掘金 后端 ( ) • 2024-04-07 15:10

1.Debezium和postgres介绍

Debezium

是一个开源项目,为捕获数据更改(change data capture,CDC)提供了一个低延迟的流式处理平台。你可以安装并且配置Debezium去监控你的数据库,然后你的应用就可以消费对数据库的每一个行级别(row-level)的更改。只有已提交的更改才是可见的,所以你的应用不用担心事务(transaction)或者更改被回滚(roll back)。Debezium为所有的数据库更改事件提供了一个统一的模型,所以你的应用不用担心每一种数据库管理系统的错综复杂性。另外,由于Debezium用持久化的、有副本备份的日志来记录数据库数据变化的历史,因此,你的应用可以随时停止再重启,而不会错过它停止运行时发生的事件,保证了所有的事件都能被正确地、完全地处理掉

postgres介绍

PostgreSQL是一个功能强大的开源数据库系统。经过长达15年以上的积极开发和不断改进,PostgreSQL已在可靠性、稳定性、数据一致性等获得了业内极高的声誉。

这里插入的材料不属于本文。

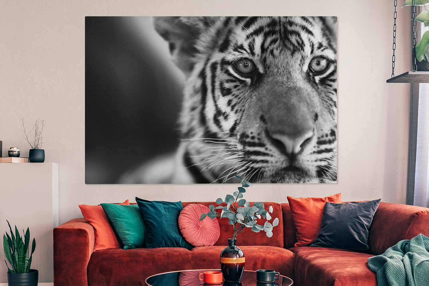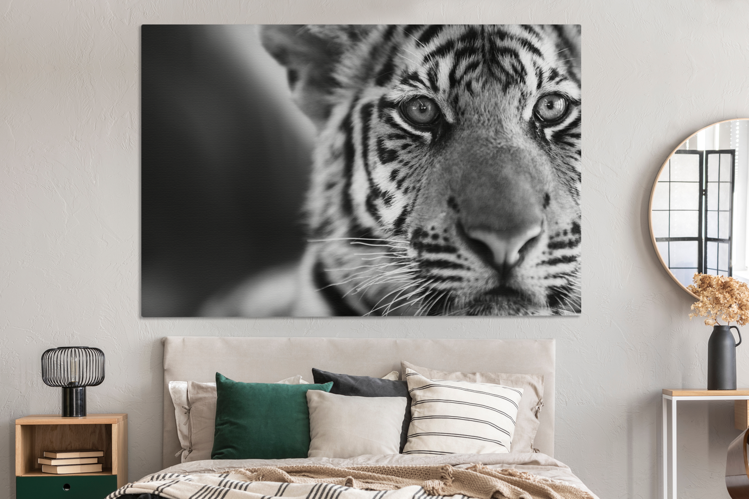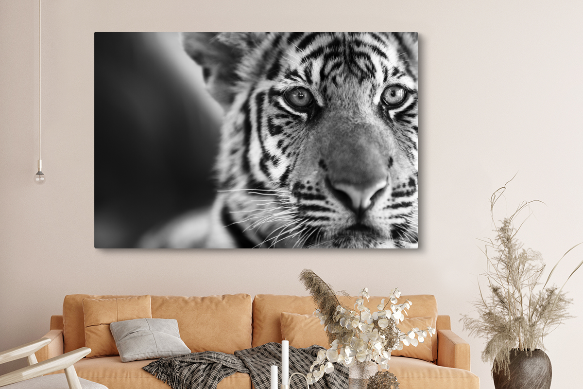 Tableau sur toile Tigre - louveteau - noir - blanc Decoration murale 150x100 cm
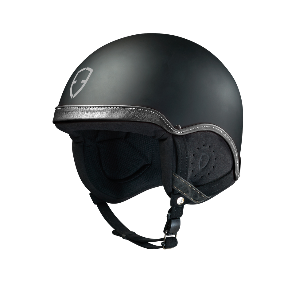La coque en résine s’habille d'un jonc en cuir qui fait le tour du casque pour apporter la touche de raffinement à la française.
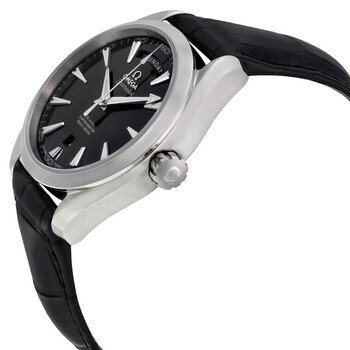 Stainless steel case with a black (alligator) leather strap. Fixed stainless steel bezel. Black dial with luminous silver-tone hands and index hour markers. Minute markers around the outer rim. Dial Type: Analog. Luminescent hands and markers. Date display at the 6 o'clock position. Day of the week display at the 12 o'clock position. Omega calibre 8602 automatic movement with a 55-hour power reserve. Scratch resistant sapphire crystal. Screw down crown. Transparent case back. Case size: 41.5 mm. Round case shape. Band width: 20 mm. Band length: 8 inches. Fold over clasp with a push button release. Water resistant at 150 meters / 500 feet. Functions: date, hour, minute, second. Luxury watch style. Watch label: Swiss Made. Item Variations: 231 13 42 22 01 001, 231-13-42-22-01-001, 231/13/42/22/01/001, 23113422201001. Omega Seamaster Aqua Terra Automatic Men's Watch 23113422201001.
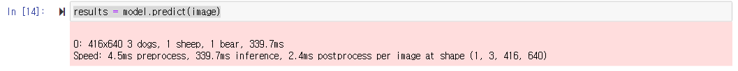 위에서는 416X640 사이즈 3개의 dogs와 1개의 sheep, 1개의 bear를 인식했다.
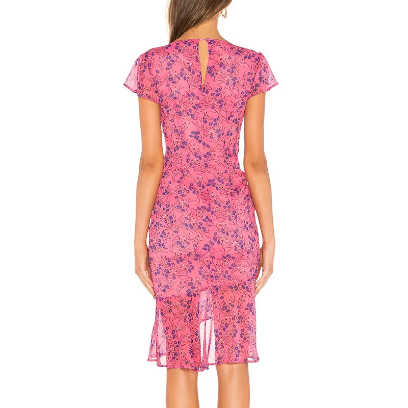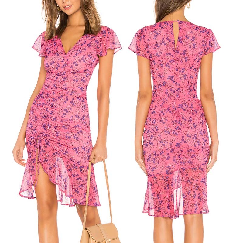 Summer Flutter Sleeve V Neck Flower Bodycon Knee-High Dress

目前PostgreSQL可以运行在所有主流操作系统上,包括Linux、Unix(AIX、BSD、HP-UX、SGI IRIX、Mac OS X、Solaris和Tru64)和Windows。PostgreSQL是完全的事务安全性数据库,完整地支持外键、联合、视图、触发器和存储过程(并支持多种语言开发存储过程)。它支持了大多数的SQL:2008标准的数据类型,包括整型、数值型、布尔型、字节型、字符型、日期型、时间间隔型和时间型,它也支持存储二进制的大对像,包括图片、声音和视频。PostgreSQL对很多高级开发语言有原生的编程接口,如C/C++、Java、.Net、Perl、Python、Ruby、Tcl 和ODBC以及其他语言等,也包含各种文档。

2.postgres测试环境搭建

1.安装

step1: 拉取 PostgreSQL 10.6 版本的镜像:

docker pull postgres:10.6

step2:创建并启动 PostgreSQL 容器,

在这里,我们将把容器的端口 5432 映射到主机的端口 30028,账号密码设置为postgres,并将 pgoutput 插件加载到 PostgreSQL 实例中:

 docker run -d -p 30028:5432 --name postgres-10.6 -e POSTGRES_PASSWORD=postgres postgres:10.6 -c 'shared_preload_libraries=pgoutput'

step3: 查看容器是否创建成功:

docker ps | grep postgres-10.6

2.配置

step1:docker进去Postgresql数据的容器:

docker exec -it postgres-10.6 bash

step2:编辑postgresql.conf配置文件:

vi /var/lib/postgresql/data/postgresql.conf

配置内容如下:

# 更改wal日志方式为logical(方式有:minimal、replica 、logical  )
wal_level = logical

# 更改solts最大数量(默认值为10),flink-cdc默认一张表占用一个slots
max_replication_slots = 20

# 更改wal发送最大进程数(默认值为10),这个值和上面的solts设置一样
max_wal_senders = 20

# 中断那些停止活动超过指定毫秒数的复制连接,可以适当设置大一点(默认60s,0表示禁用)
wal_sender_timeout = 180s

step3:重启容器:

docker restart postgres-10.6

连接数据库,如果查询一下语句,返回logical表示修改成功:

SHOW wal_level

3.新建用户并赋权

使用创建容器时的账号密码(postgres/postgres)登录Postgresql数据库。

先创建数据库和表:

-- 创建数据库test_db

 CREATE DATABASE test_db;

-- 连接到新创建的数据库 test_db

\c test_db

-- 创建 t_user 表

CREATE TABLE "public"."t_user" (
"id" int8 NOT NULL,
"name" varchar(255),
"age" int2,
PRIMARY KEY ("id")
); 

新建用户并且给用户权限:

-- pg新建用户

CREATE USER test1 WITH PASSWORD 'test123';

-- 给用户复制流权限

ALTER ROLE test1 replication;

-- 给用户登录数据库权限

 GRANT CONNECT ON DATABASE test_db to test1;

-- 把当前库public下所有表查询权限赋给用户

GRANT ALL PRIVILEGES ON ALL TABLES IN SCHEMA public TO test1;

5. 发布表

-- 设置发布为true

update pg_publication set puballtables=true where pubname is not null;

-- 把所有表进行发布

CREATE PUBLICATION dbz_publication FOR ALL TABLES;

-- 查询哪些表已经发布

select * from pg_publication_tables;

-- 更改复制标识包含更新和删除之前值(目的是为了确保表 t_user 在实时同步过程中能够正确地捕获并同步更新和删除的数据变化。如果不执行这两条语句,那么 t_user 表的复制标识可能默认为 NOTHING,这可能导致实时同步时丢失更新和删除的数据行信息,从而影响同步的准确性)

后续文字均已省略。